OPINIÓN

HISTORIA

domingo, 24 de mayo de 2015

¿LA MÚSICA ES CULTURA O ESPECTÁCULO? Los impuestos sobre la música, el teatro o el cine generan posturas enfrentadas, pues los que pertenecen a esos gremios quieren pagar como si lo suyo fuera cultura mientras que, por otro lado, la legislación los considera espectáculo.

El componente espectacular se ha impuesto al cultural
Hace unos días (concretamente el 20 de mayo) no se celebró ningún concierto de pop, rock, folk… en España, o sea, no hubo música en vivo como medida de protesta adoptada por artistas, promotores y demás profesionales del sector en contra del impuesto de 21% que grava tanto actuaciones como ventas de discos o descargas. La razón esgrimida por los protagonistas de esa muestra de descontento es que lo suyo es cultura y, por tanto, no debería cotizar como si de un espectáculo o producto de lujo se tratara.

¿Es muy elevado el impuesto?, ¡claro!, pero como prácticamente todo lo que aumente su precio para que la hacienda pública se lleve su parte, que es todo lo que se vende. Centrándose en el asunto, el primer impulso es ponerse de parte de los protestantes, sin embargo, la cosa no es tan simple. Para empezar, hay que tener en cuenta que los conciertos tienen tanto de espectáculo como de cultura, a veces más; así, siempre se buscan puestas en escena e iluminaciones espectaculares, los grupos se gastan lo que sea preciso para mejorar su espectáculo y, en fin, casi nadie se limita a salir y cantar, sino que procura enriquecer la función. De este modo, si se considera el concierto como espectáculo, no habrá problema en que cotice como un parque de atracciones o como un partido de fútbol, es decir, como algo que no puede considerarse primera necesidad y sí puro entretenimiento.

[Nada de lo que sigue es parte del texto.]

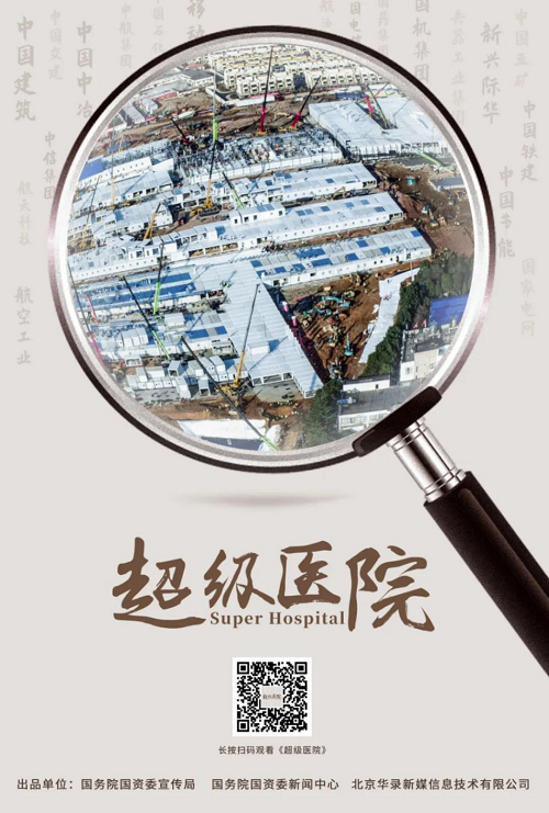 《超级医院》由国务院国资委宣传局、国务院国资委新闻中心和北京华录新媒信息技术有限公司组织团队联合摄制出品。该片既记录历史,也做科普,从火神山医院的设计、现场施工、电力安全、医疗器械供应、信号保障、患者转运、医疗废弃物处置、后方保障等8个方面,展示了我国应急医疗基础设施建设的新突破,通过对10个惊心动魄的日日夜夜的真实记录,展现了中国速度背后的经济实力、科技实力与强大的组织动员能力。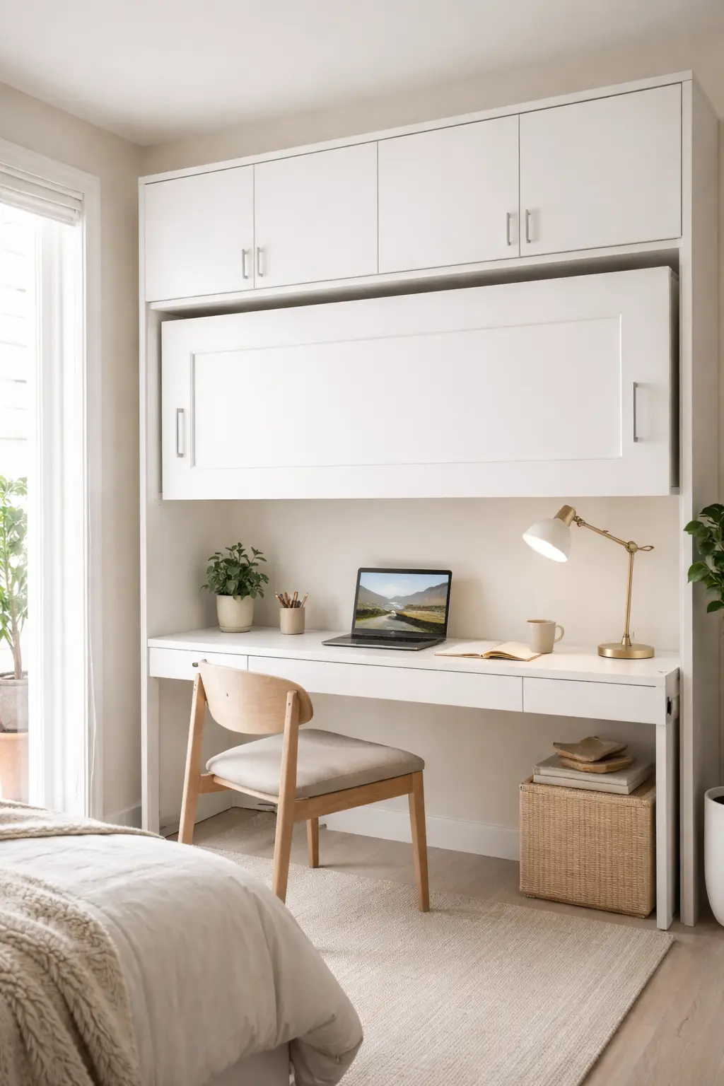 This idea is perfect for studio apartments or guest rooms that double as a home office. It is one of the most effective small bedroom layout ideas for tight spaces.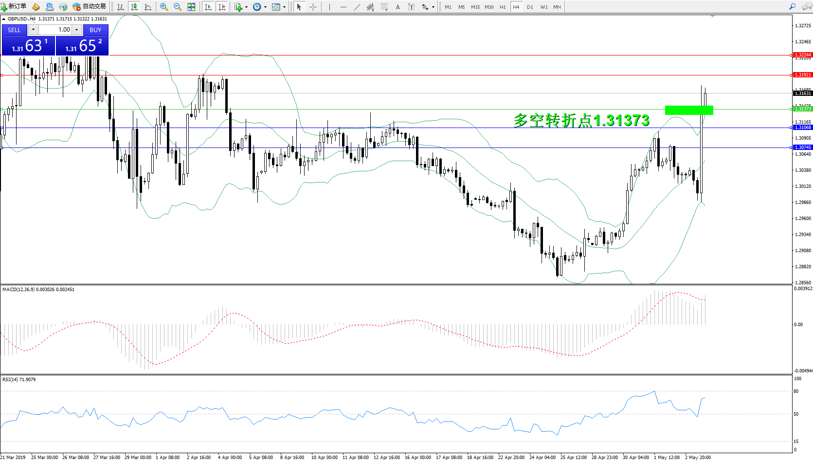 交易策略:1.31373上方看涨,目标1.31921、1.32244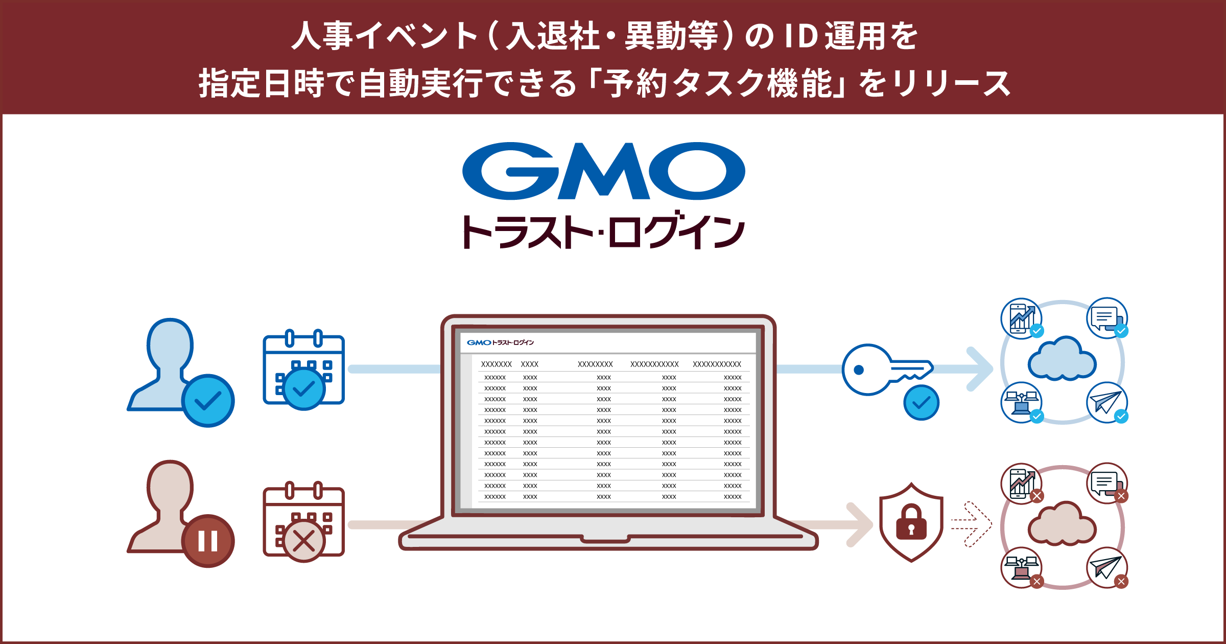 GMOインターネットグループのGMOグローバルサイン株式会社(※1)(代表取締役社長:中條 一郎 以下、GMOグローバルサイン)が提供するID管理・認証サービス「GMOトラスト・ログイン」は、2026年2月19日(木)より、人事イベントなどでのID運用を指定日時で自動実行できる「予約タスク機能」をリリースいたしました。

El cine y el teatro están en las mismas, tienen su parte cultural, pero ya no se conciben producciones o montajes sin fines de entretenimiento y sin el componente espectacular; así es, al menos, en la mayoría del producto para la gran pantalla, pues poca cultura y mucho ‘show’ hay en las pelis con mayor tirón comercial, donde lo más abundante son los efectos especiales, cada año más y más ‘espectaculares’; e igualmente se podría decir del teatro, donde se busca atraer con representaciones que propongan algo más que texto y decorado. Por otro lado, se puede forzar la cosa e incluirse en el cajón de sastre cultural desde la artesanía al circo, la alta costura o la alta cocina, ¿y por qué no programas de televisión, como los del tipo ‘gran hermano’? Y es que, al igual que sucede con el arte, apenas basta con que haya quien lo diga para que una cosa pueda ser una magna manifestación cultural o artística.

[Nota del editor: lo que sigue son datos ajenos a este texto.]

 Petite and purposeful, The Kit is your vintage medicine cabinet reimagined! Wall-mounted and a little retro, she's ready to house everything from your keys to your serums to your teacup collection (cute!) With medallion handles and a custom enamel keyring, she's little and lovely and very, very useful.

Lo del disco que reproduce música (igual que el DVD de cine) también presenta sus dudas. Se exige que sea considerado como el libro (el de papel, pues el electrónico cotiza como servicio de internet, o sea, el 21), que paga sólo un 4%; sin embargo, al ser considerado como obra de arte, paga como un cuadro adquirido en una galería, o sea, el 21. Como puede verse, el asunto no es tan sencillo ni tiene una única visión. En Europa hay impuestos dispares: en Inglaterra los espectáculos (todos) pagan el 20, mientras que en Francia sólo un 7 (al que en el cine hay que añadir un 11,5 para financiar cine francés); en Dinamarca no se hacen distinciones, de modo que todo aquello que pueda venderse pagará el 25%, sin mirar si es cultura, espectáculo o pescado.
Cada uno tendrá su opinión y argumentos para defenderla. Por ejemplo: la música es arte y cultura, pero su venta es comercio e industria, búsqueda de beneficio, de modo que el concierto se convierte espectáculo y el disco en obra de arte, y tanto ésta como aquel no son considerados artículos de primera necesidad, por lo que han de cotizar como entretenimiento. Pero, visto desde el otro lado, el autor que crea cultura (y con él el promotor y el distribuidor) ha de rentabilizar su obra y quiere que ésta siga siendo considerada fiscalmente como cultura incluso al ser vendida, y tiene sus razones para apoyar esa postura; el problema es que en el momento que entra en el mercado, la creación intelectual pasa a ser producto, es decir, se convierte en bien (disco) o servicio (concierto), de modo que se vuelve otra vez al dilema.   
   
De todos modos, no parece que la iniciativa de cerrar los escenarios durante un día haya dado resultado; ha llamado la atención, sí, pero los destinatarios de la protesta no han hecho mucho caso. Claro que la cosa cambiaría si estos atisbaran rendimiento político.